Partial banding: defined as a reduction of blood flow in the outflow tract of the AVF.


   Statistical Analysis Top


Data is reported as mean ± standard deviation. Statistical analyses were performed using on Statistical Package for the Social Sciences (SPSS Inc., Chicago, IL, USA) and GraphPad Prism (La J olla, CA, USA). Two-tailed paired t-tests were utilized to compare patients’ 2D-echocardiogram measurements before and after AVF banding. A P <0.05 was considered statistically significant.


   Results Top


A total of 22 patients had 2D-echocardio-grams performed before and after banding. The interval time between the two sonograms was 1001.5 ± 655 days with an average of 584 days before surgical banding and 417 days post-procedure. The mean age at the time of the banding procedure was 62 ± 12.5 years. The ethnic composition of the patient population was 50% African-Americans, 41% Hispanics, and 9% Caucasian. The patient population consisted of 11 (50%) with an average weight and height of 80.8 ± 20.6 kg and 168.4 ± 10.2 cm, respectively. Comorbi-dities included hypertension, coronary artery disease, diabetes mellitus, and congestive heart failure, which were present in 21 (96%), 10 (46%), 14 (64%), and four (18%) of the patients, respectively. The types of AVF in the study consisted of 11 brachiobasilic (50%), eight brachiocephalic (36.3%), two radiocephalic (9%), and one brachioaxillary (4.5%). AVFs were predominantly left sided (96%). The majority of the patients had a previous internal jugular HD catheter (21 of 22, 96%) and six patients (27%) had a history of a previous AVF [Table 1].

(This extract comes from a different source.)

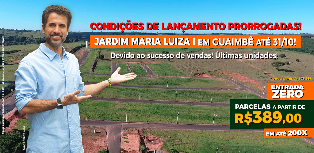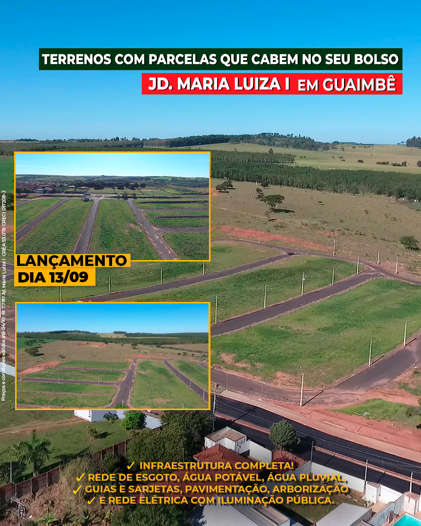 Tamanho dos lotes: 173,33 m2 até 351,75 m2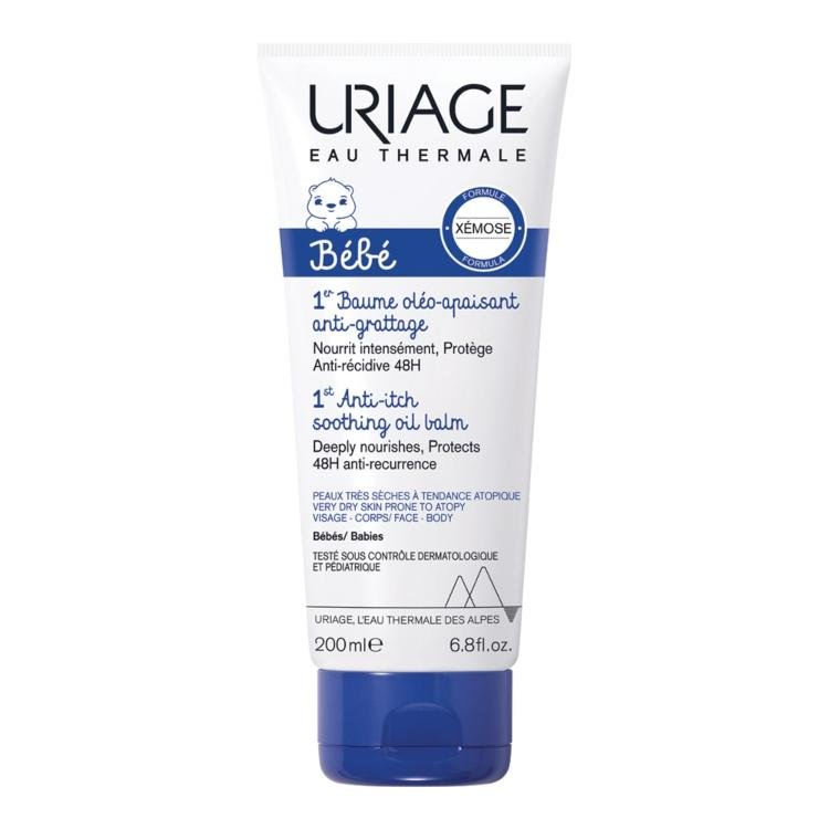 URIAGE BEBE, balzam, bogati emolijent teksture balzama koja prelazi u ulje. Za lice i tijelo. Za novorođenčad, bebe i djecu. Uriage termalna voda 10%: umiruje, hidrira, stvara filmogeni sloj, jača kožnu barijeru, ograničava bakterijsku adheziju i virulenciju. Uriage Bebe balzam odmah umiruje osjećaj svraba povezan sa suvoćom kože. Obogaćen illipe uljem ostavlja nemasni zaštitni film na koži za trenutnu udobnost i brzo oblačenje. Upotreba: Nanesite ujutro i / ili uveče na čistu kožu. Za najbolje rezultate nanesite balzam na kožu koja je još uvijek vlažna od kupanja.

Eleven patients (50%) underwent AVF banding with complete closure and the remaining 11 (50%) had partial closure. The mean age in the complete banding and partial banding sub-groups was 66.8 ±11.5 and 57.5 ± 13.3, respectively (P = 0.93; [Table 2]). Ethnic composition and gender distribution were also similar between the groups (P = 0.50 and 0.65, respectively). The mean weight in the complete closure and partial closure groups was 78 ± 17 kg and 80.1 ± 22 kg, respectively (P = 0.44), whereas the mean height was 167.2 ± 10.7 cm and 166.2 ± 13.5 cm (P = 0.42). The complete closure group consisted of seven brachiobasilic AVFs (63%), three brachio-cephalic (28%), and two radiocephalic (18%). Similarly, the partial closure group had six brachiobasilic AVFs (58.6%), four brachio-cephalic (36%), and one brachioaxillary (4.5%). The anatomical location of the AVFs was also similar in both groups, with 10 (90%) and 11 left arm AVFs (100%) in the complete and partial closure subsets, respectively.
Table 2: Two-dimensional-echocardiogram measurements in the overall study population.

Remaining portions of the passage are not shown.